Stephen Scherr  is the Chief Executive Officer of Hertz and a member of the company’s Board of Directors since February 2022.

Career 
Prior to joining Hertz, Scherr spent 28 years at Goldman Sachs in several different strategic and operational leadership roles. Before leaving Goldman Sachs, Scherr served as the Chief Financial Officer from 2018 to 2021.

In 2016, Scherr led Goldman Sachs’ launch of consumer banking, branded as Marcus. He also served as CFO during the firm’s launch of AppleCard, in partnership with Apple, Inc., in 2019.

Scherr was named Goldman Sachs’ Chief Strategy Officer in 2014, appointed to the Goldman Sachs Management Committee in 2012, became head of Goldman Sachs’ Latin American operations in 2011 and served as the company’s Global Head of Financing.

Scherr joined Goldman Sachs in 1993 as an investment banker, coming from practicing law at Cravath, Swaine & Moore.

Affiliations 
Scherr serves on the board of the New York Stem Cell Foundation and the Jewish Museum in New York. He is also a member of The Council on Foreign Relations.

Education 
Scherr received his Juris Doctor at Harvard Law School.
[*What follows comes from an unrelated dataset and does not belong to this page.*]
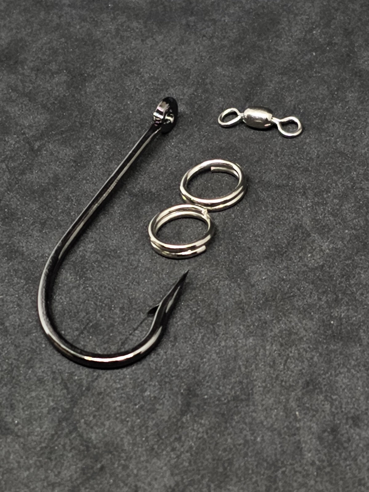 It comes with a 8/0 2x Strong Mustad O'Shaughnessy Hook.
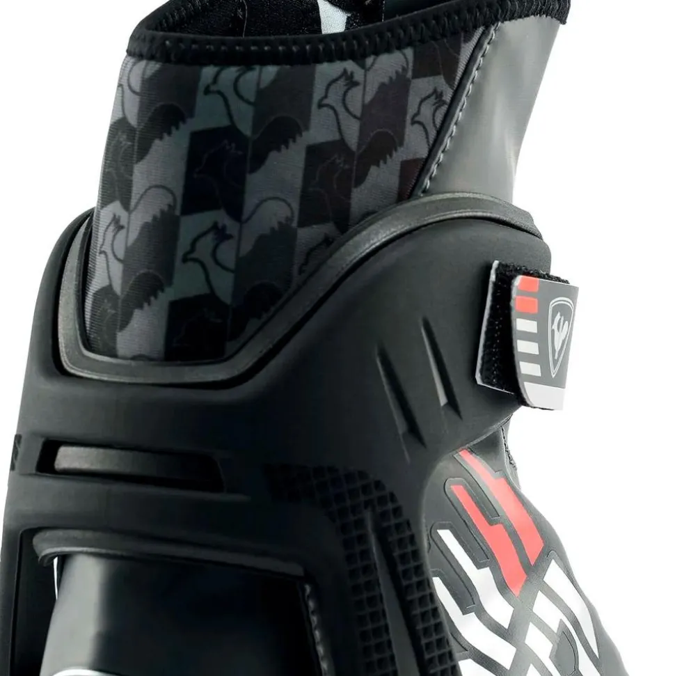 Pourbien comprendre cette chaussure il est utile de faire un petit comparatif avec le modèle X-8 FW si on la regarde de plus près, on s’aperçoit que le collier est un peu plus imposant, et ce pour uneraison ;plus de rigidité.Avec la X-10 FW on recherche plus de maintien latéral car on s’adresse à des skieuses un peu plus techniques qui ont besoin de plus de garanties lorsqu’elles posent le pied. Le châssis très enveloppant est voué au maintien du talon, sanscela inutile de penser pouvoir guider le ski correctement sur neige dure. C’est un point primordial de la chaussure de skating, et le couple que forment le collier et le châssis se doit d’assurer à lafois la stabilité latérale et le blocage de la zone talon.Dans cette optique de rigidité plus importante, Rossignol a équipé la X-10 d’une semelle Expert Skate plus rigide, il en résulte une proximité accrue entre la chaussure et leskien fin de poussée et moins de perte d’énergie qu’avec une semelle plus souple. Pour le laçage, comme sur la plupart des modèles La X-10 Skate FW est munie duSpeedlaceLock, unsystèmede laçage rapide et enveloppant qui fournit un ajustement homogène autour du pied.Enfin, elle est compatible aux normes de fixations NNN,ProlinketTurnamic.

Before that he attended Woodrow Wilson School of Public and International Affairs at Princeton University where he obtained a bachelor of arts degree.

References 

American chief executives
Harvard Law School alumni
Princeton University alumni
Goldman Sachs people
American chief financial officers
Living people
Year of birth missing (living people)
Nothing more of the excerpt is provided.